The Bank of Canada cut its key rates by 0.25%, joining central banks in Sweden and Switzerland, and ahead of the European Central Bank, which is widely forecast to cut by a similar amount on Thursday.
The Bank of Canada lowered its key overnight rate cut to 4.75%, with the Bank Rate at 5% and the deposit rate at 4.75%.
Governor Tiff Macklem said in opening remarks that the bank’s monetary policy no longer needs to be as restrictive.
“We’ve come a long way in the fight against inflation. And our confidence that inflation will continue to move closer to the two per cent target has increased over recent months,” Macklem told a media conference.
The move had been widely expected as Canada’s inflation rate has moved closer to the bank’s 2% goal in recent months, coming in at 2.7% in April, with core measures of inflation also easing throughout the spring.
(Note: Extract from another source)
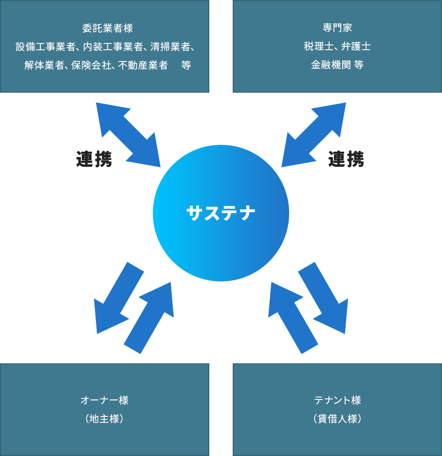 物件の品質と機能を健全に維持していくためは、当社のみならず外部委託業者様や専門家のご支援・ご協力が不可欠です。また、当社単独では、時に偏った対応を取ってしまう可能性もあります。そこで、外部の専門的な技術や知見を積極的に活用し、オーナー様、テナント様の双方にとって最善な対応を取ることを心がけています。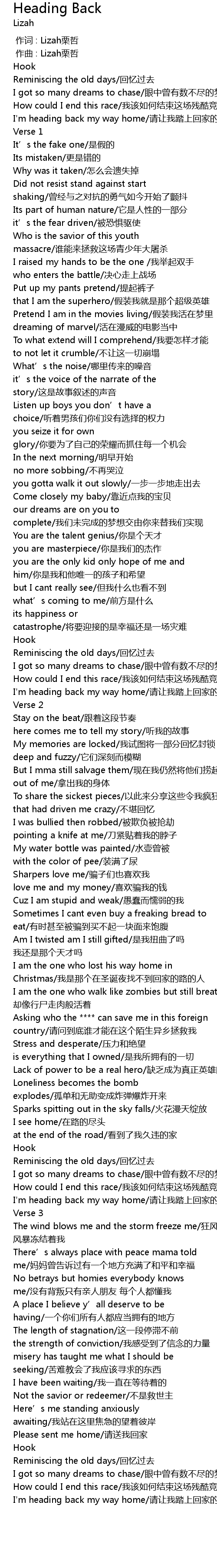 | 歌曲 | Heading Back |

Now it’s the turn of the ECB to cut, and it will be the first reduction since September 2019.
It will mark the official end to the record fast-hiking cycle that began after the Covid-19 pandemic as inflation surged.
“Judging by the commentary from officials, there is no questioning of the wisdom of cutting rates on 6 June,” said Mark Wall, an ECB watcher with Deutsche Bank, told media.
“Even with the upside surprise on May HICP [harmonized index of consumer prices], the ECB can argue a cut is consistent with its reaction function. The question is, what comes after June?”
The cut will come even though inflation for May came in slightly higher than expected, with headline inflation at 2.6% and core inflation at 2.9%. On top of that, negotiated wage growth — a figure closely watched by the ECB — did reaccelerate in the first quarter to 4.7% after hitting 4.5% in the fourth quarter of 2023.